Erin strains against him, aware only of her heaving bosom in the push-up bra, her own sweet-smelling skin, the way it would feel to be wanted like teamgangbang would want her. Then she lets go.

“What is wrong with you?”

“Jesus, Erin.” He tucks himself back into his pants, pulls serenely back onto the road, hands placed precisely on the wheel. “Don’t yell.” Blood courses through her temples, boom, boom, boom like the slap, slap, slapping of a good fuck.

She tried to rape me, he’ll tell Goodkiss.

They follow a thumping base line toward the ballroom at the far end of the hotel lobby, and are greeted by a bored coterie of kids standing around the place-card table.
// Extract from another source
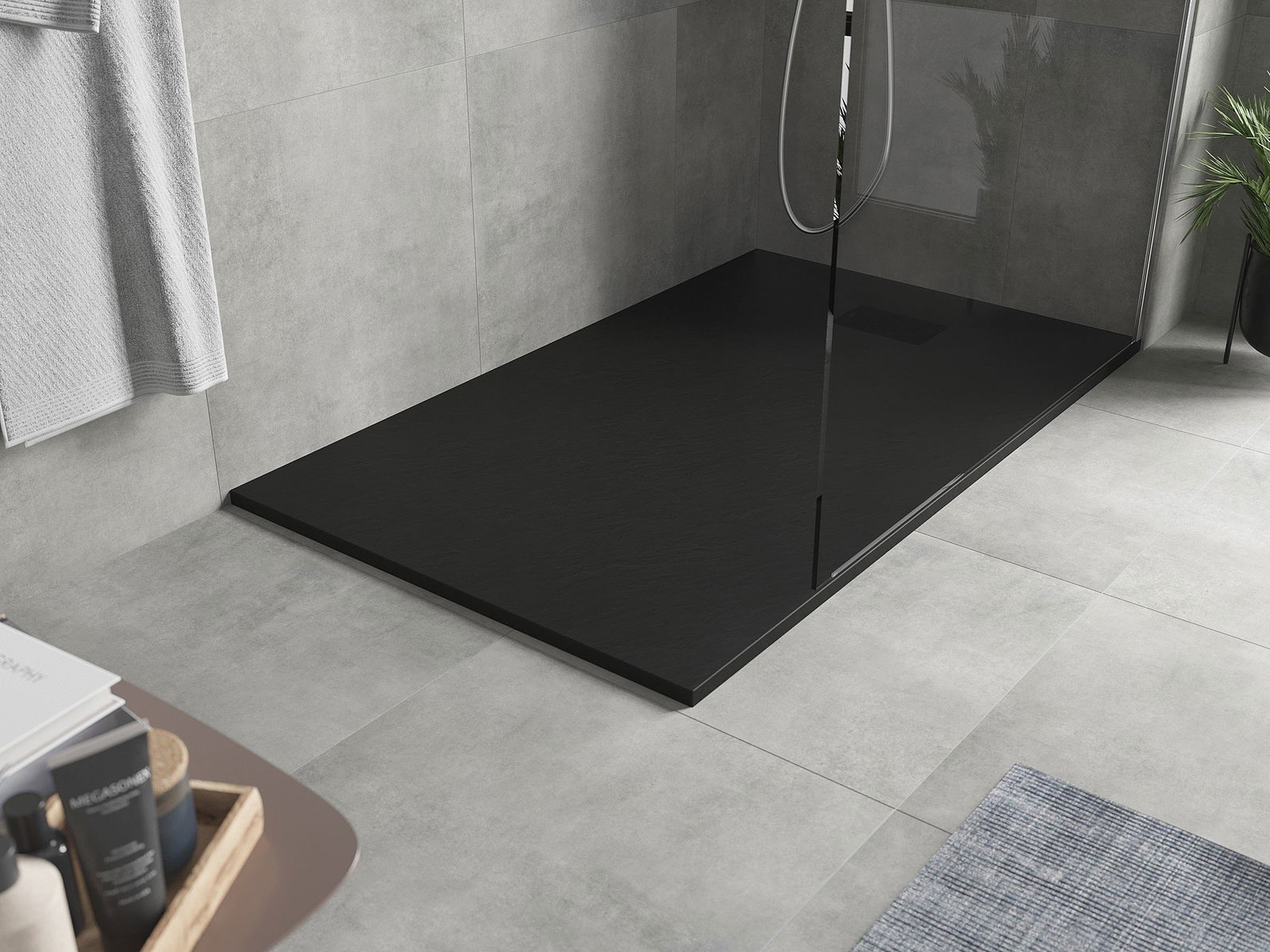 La surface du receveur de douche évoque la pierre. C'est une combinaison unique d'aspect naturel et de design intérieur moderne. Il ajoute du caractère, souligne l'esthétique et l'élégance de la salle de bains et séduit par sa forme.

“Par-tay,” Alex tells them festively. They drift off and away. The thumping base arranges itself all at once as the B-52s. “Love sha-a-ack, that’s where it’s at! Love sha-a-ack, that’s where it’s at!”
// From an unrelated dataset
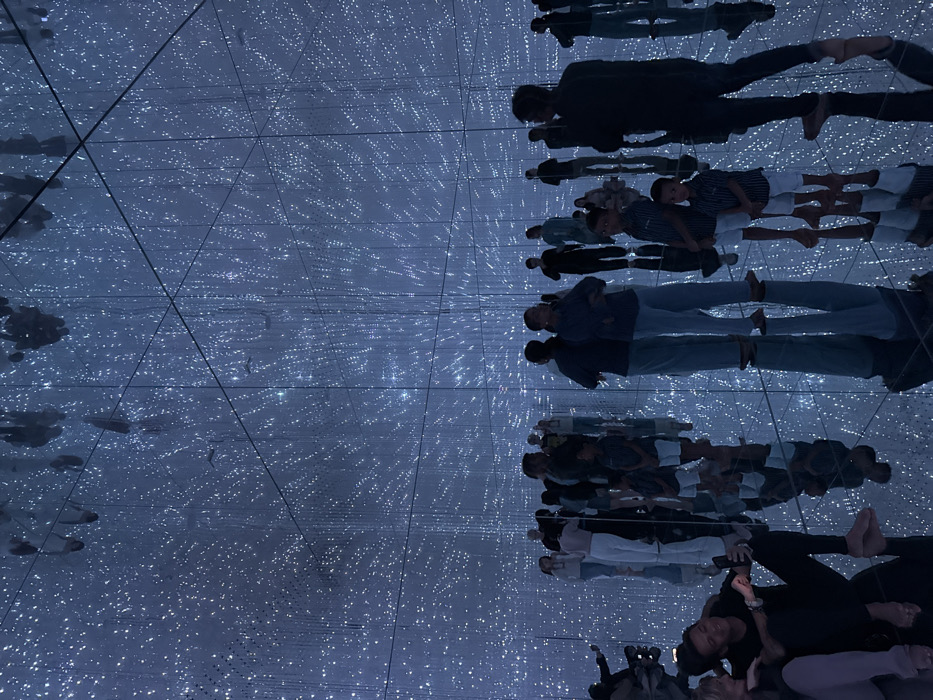 - "An immersive art installation, specifically a mirrored room with numerous small, white cascading lights, is depicted within teamLab Borderless in Koto, Japan" by FM-GMxhS2, licensed under CC BY 4.0
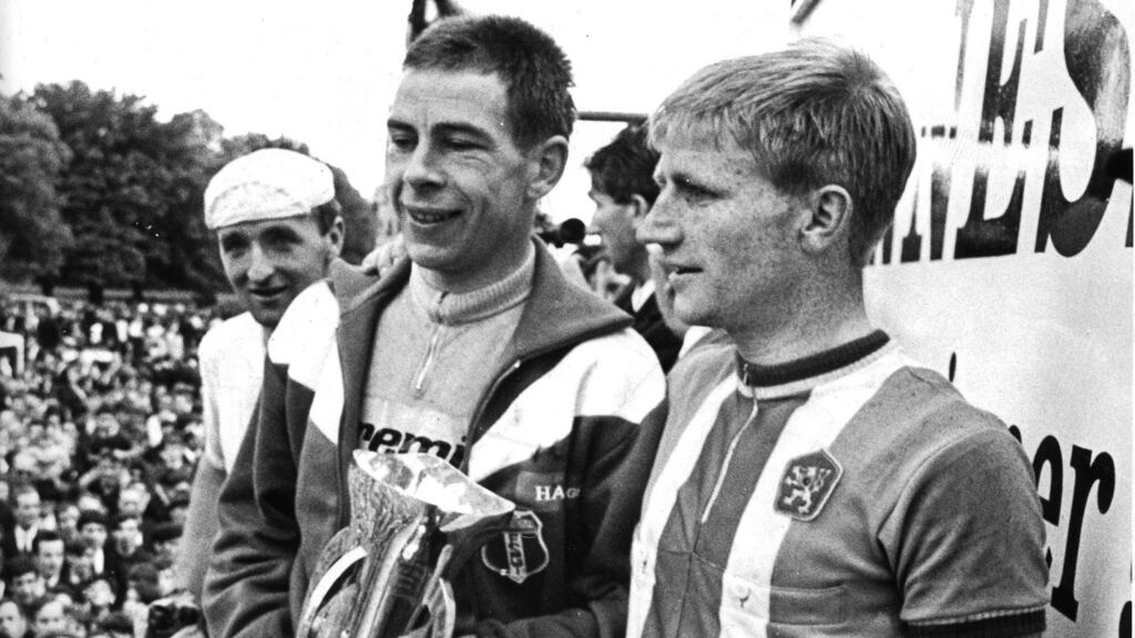 Our photo today, however, shows the most famous of them all, Séamus (Shay) O’Hanlon, picking up the trophy in the Phoenix Park in 1967 after winning it for the fourth time. He is flanked by Pierre Ropert of France (left), the runner-up, and the winner of the final stage, Jim Kennedy (right).

Mr. and Mrs. Alex Abrahms, first even among the As, are sitting at Eleanor of Aquitaine. This is preferable to Hillary Clinton, certainly, but a marked step beneath either Golda Meir or Madonna, Erin feels. The ‘Great Women in History’ theme is compromised slightly by a big black-and-white, glittery foam-board approximation of a scene marker by the ballroom entrance. In the space marked “production” is “Dorit’s BM!” In the space marked “scene”: 13. And in the space for “take” is, of course, 18, for chai, the collective lucky number of the Jews. Other than that brief, unavoidable foray into Hollywood (with the unintentional scatological overtone), it’s “Great Women” in full effect. There’s Queen Esther, Eleanor Roosevelt, Princess Di, Marilyn Monroe (perched hugely in cardboard relief above her demarcated table, trying half-assedly to keep that billowing white dress down), Marie Curie, even little Anne Frank. Who, Erin reasons, had indeed experienced the onset of menses, and so did indeed count. Joan of Arc, though, Erin takes issue with. Ditto Scarlett O’Hara, who’s fricking fictional. Plus, Erin’s last name is not Abrahms, goddammit. Dana willfully ignores this, as a rule.

The ballroom is decked out in hysterics of glittering streamers, confetti, pink and white balloons, and looming Great Women. Face to face with a berobed Katharine Hepburn from The Lion in Winter, Erin unofficially gives up on the recollection of her Torah portion, sinks into a chair, and starts picking at the jelly beans scattered atop the table.

Also at Eleanor of Aquitaine are four other couples: all cousins but for Libby Pressman, Dana’s best friend (a single mother of one) and her date. “It took me almost three years to get rid of my baby weight,” she says to Erin by way of greeting.